• _Work required_
In the listing below, locate the line that contains "佐賀の福祉施設と福岡の理髪店が共同で企画 アート・伝統・食の表現者が集結する 新たな体験型アートイベント" and the line that contains "В России активно". Restate word for word those two lines and every line between them, and nothing else.
[Extracted data Boundary: Start]
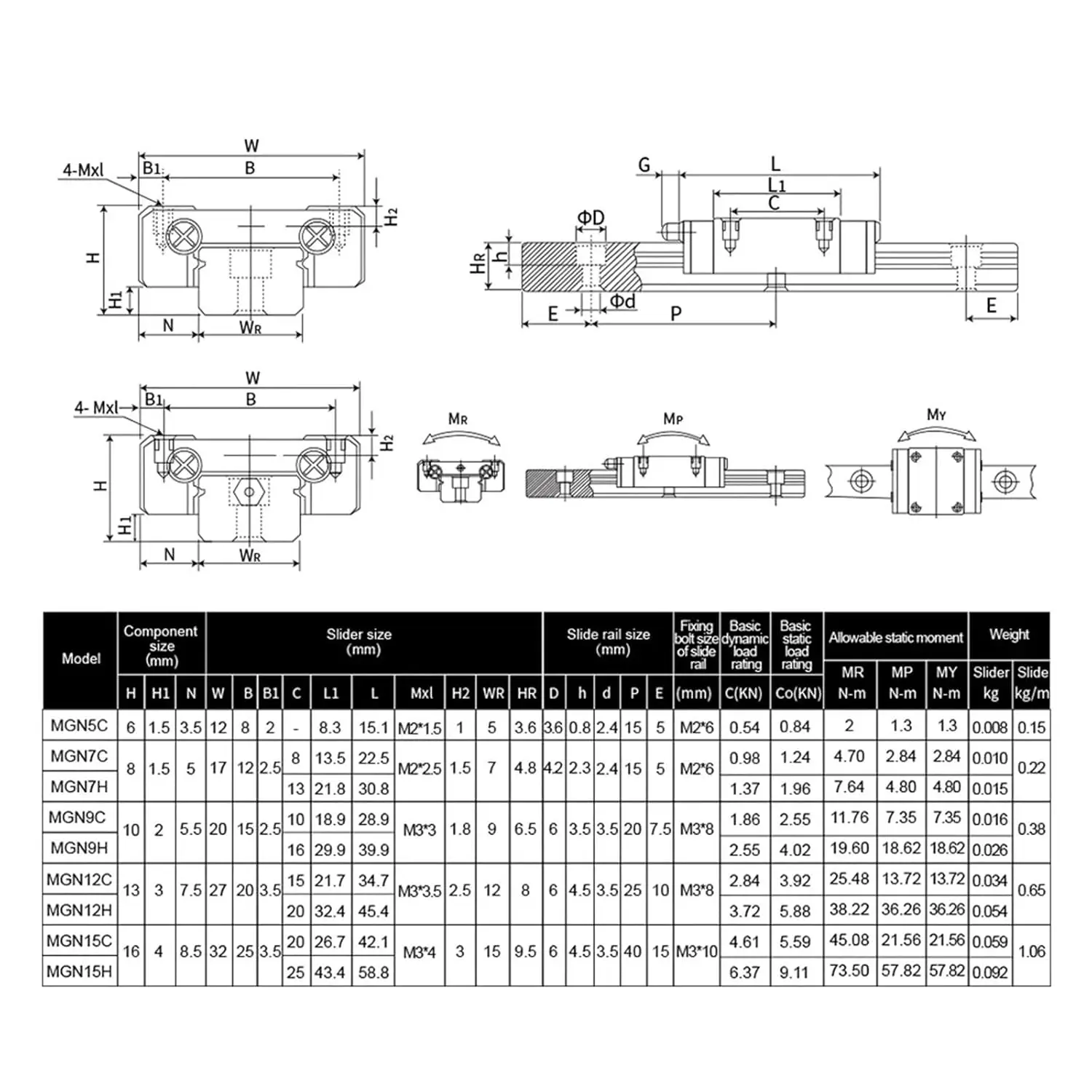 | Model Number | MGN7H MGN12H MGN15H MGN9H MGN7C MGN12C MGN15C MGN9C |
[Extracted data Boundary: End]
[Extracted data Boundary: Start]
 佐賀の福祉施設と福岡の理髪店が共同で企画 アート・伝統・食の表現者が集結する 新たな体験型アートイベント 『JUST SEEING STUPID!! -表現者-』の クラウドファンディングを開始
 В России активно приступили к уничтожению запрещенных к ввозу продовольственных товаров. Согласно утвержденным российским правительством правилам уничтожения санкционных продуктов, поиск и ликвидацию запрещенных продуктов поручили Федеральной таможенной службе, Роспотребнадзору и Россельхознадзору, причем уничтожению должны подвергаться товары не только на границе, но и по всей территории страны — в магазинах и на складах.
[Extracted data Boundary: End]
[Extracted data Boundary: Start]
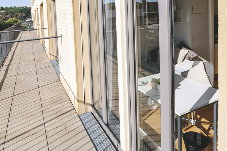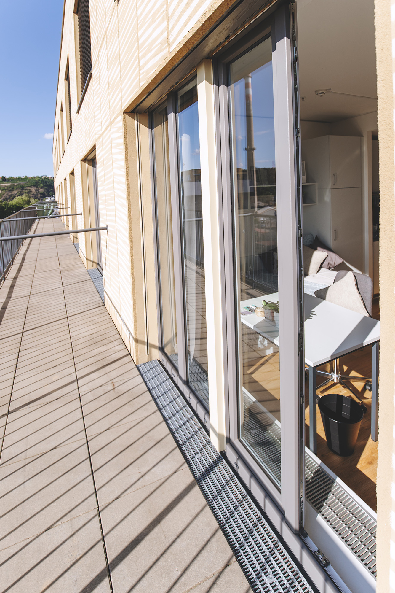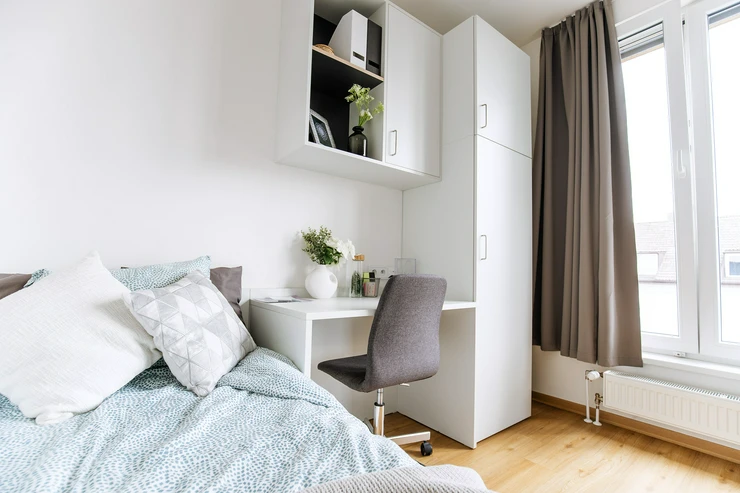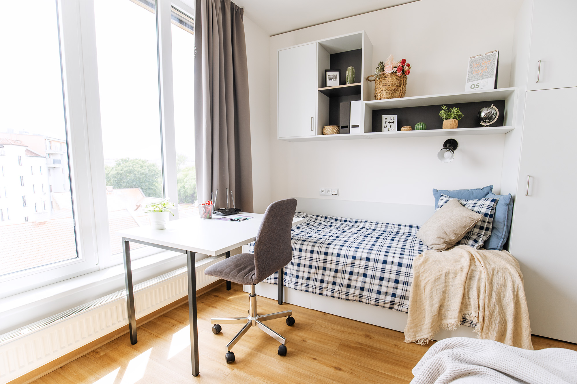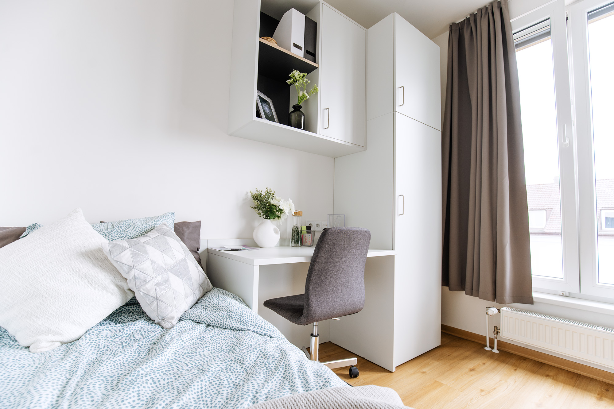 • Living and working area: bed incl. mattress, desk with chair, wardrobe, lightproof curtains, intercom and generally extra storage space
[Extracted data Boundary: End]
• _Written reply_
 佐賀の福祉施設と福岡の理髪店が共同で企画 アート・伝統・食の表現者が集結する 新たな体験型アートイベント 『JUST SEEING STUPID!! -表現者-』の クラウドファンディングを開始
 В России активно приступили к уничтожению запрещенных к ввозу продовольственных товаров. Согласно утвержденным российским правительством правилам уничтожения санкционных продуктов, поиск и ликвидацию запрещенных продуктов поручили Федеральной таможенной службе, Роспотребнадзору и Россельхознадзору, причем уничтожению должны подвергаться товары не только на границе, но и по всей территории страны — в магазинах и на складах.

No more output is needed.